Up to and including Feels I think your description of the band's narrative arc makes more sense, as everything up to that point involved a progressive structuration of the band's sound without a corresponding expansion of that sound. Strawberry Jam is the point where I think this story breaks down. This sudden flip (intensified song structure somehow leading into massively broadened sonic horizon) reminds me (as so much stuff does) of the beam of light refracted through the shard to produce a rainbow on the cover of Dark Side of the Moon, and I like the idea of bands subjecting themselves to a radical restriction of scope in order to bore through their own aesthetic into a new soundworld.
― Tim F, Tuesday, 14 October 2008 04:26 (sixteen years ago) link
tim is otm about strawberry jam! i love much of their previous output, but strawberry jam really does feel like the birth of a new animal collective to me, one that's continued through water curses as well (though "seal eyeing" is very feels-y)
― aaron d.g., Tuesday, 14 October 2008 05:29 (sixteen years ago) link
I completely disagree with Tim
― I know, right?, Tuesday, 14 October 2008 07:02 (sixteen years ago) link
TS: Tim or Dominique?
i think it's correct to say that a synthesis of smoothing out is not necessarily directly opposed to a honed complexity. the latter seems to be a more articulate way of stating the former. smoothing out doesn't always equate to less radical. maybe it's just more cerebral (another loaded word).
― tricky, Tuesday, 14 October 2008 17:41 (sixteen years ago) link
maybe it's more cerebral intuitive.
― tricky, Tuesday, 14 October 2008 17:42 (sixteen years ago) link
great posts by both Tim and Dominique, it saddens me that I can't agree with both.
I dunno that I really hear any kind of striving for "progression" or refinement or the synthesis yr speaking of in any of their albums.

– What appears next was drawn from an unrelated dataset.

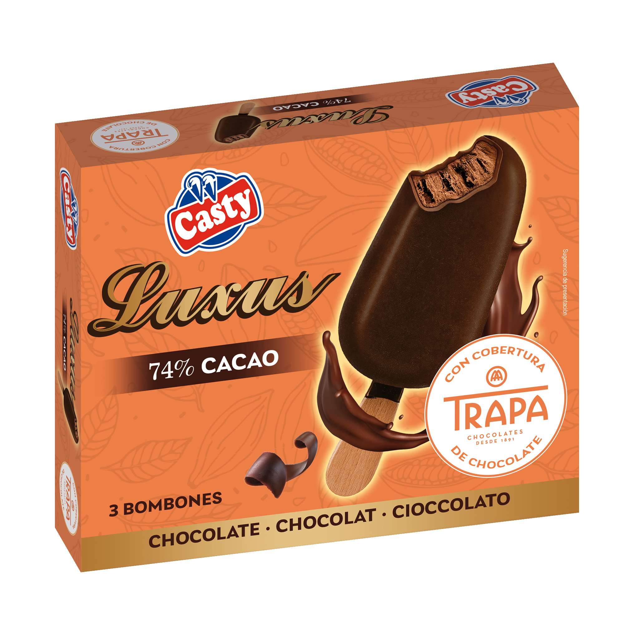 Luxus 74% Cacao by Trapa es un bombón helado elaborado con tres chocolates, relleno de una crema de chocolate negro y recubierto con una cobertura de chocolate Trapa 74% cacao, que aporta intensidad, profundidad y carácter. Un helado concebido para quienes buscan una experiencia intensa y auténtica, donde el chocolate es el verdadero protagonista. Este lanzamiento se integra dentro de la gama Luxus, la línea más exclusiva de Helados Casty, reconocida por su textura más cremosa, la cuidada selección de ingredientes y una cobertura de alta calidad. El resultado es un bombón helado equilibrado y sofisticado, que combina la excelencia del chocolate Trapa con el saber hacer heladero de Casty.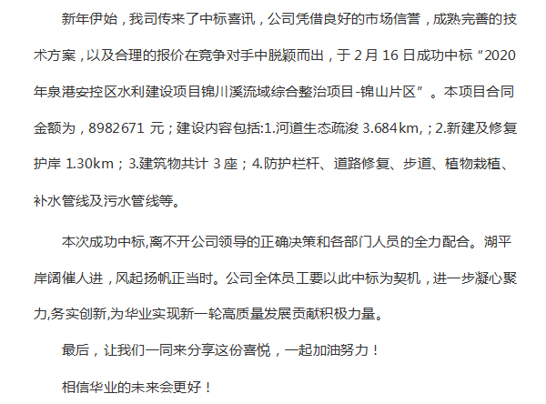 热烈祝贺我司成功中标“2020年泉港安控区水利建设项目锦川溪流域综合整治项目-锦山片区”

Which is part of why everything they do still excites me like few others can. Even Strawberry Jam and Feels, both pretty tight and closed machines of albums (more so SJ) that don't really have any of the kind of uneasy joy found in the loose threads of Here Comes the Indian, say, still sound to me like the products of a band whose primary drive (or one of them) is to not get at all comfortable, always put themselves out there in basically unknown territory. Everything they've done has managed to thrill me in a completely different way than what came before.
My only hope for this album is that I haven't familiarised myself with the new songs too much and maybe lose some of the impact. The last three albums I had heard the songs before but avoided listening to them too much, and that worked out pretty well.
― Merdeyeux, Tuesday, 14 October 2008 21:18 (sixteen years ago) link
I still think Strawberry Jam sounds like Arcade Fire.
― I know, right?, Wednesday, 15 October 2008 00:48 (sixteen years ago) link
have you listened to either?
anyway tim and dominique's posts - classics or duds?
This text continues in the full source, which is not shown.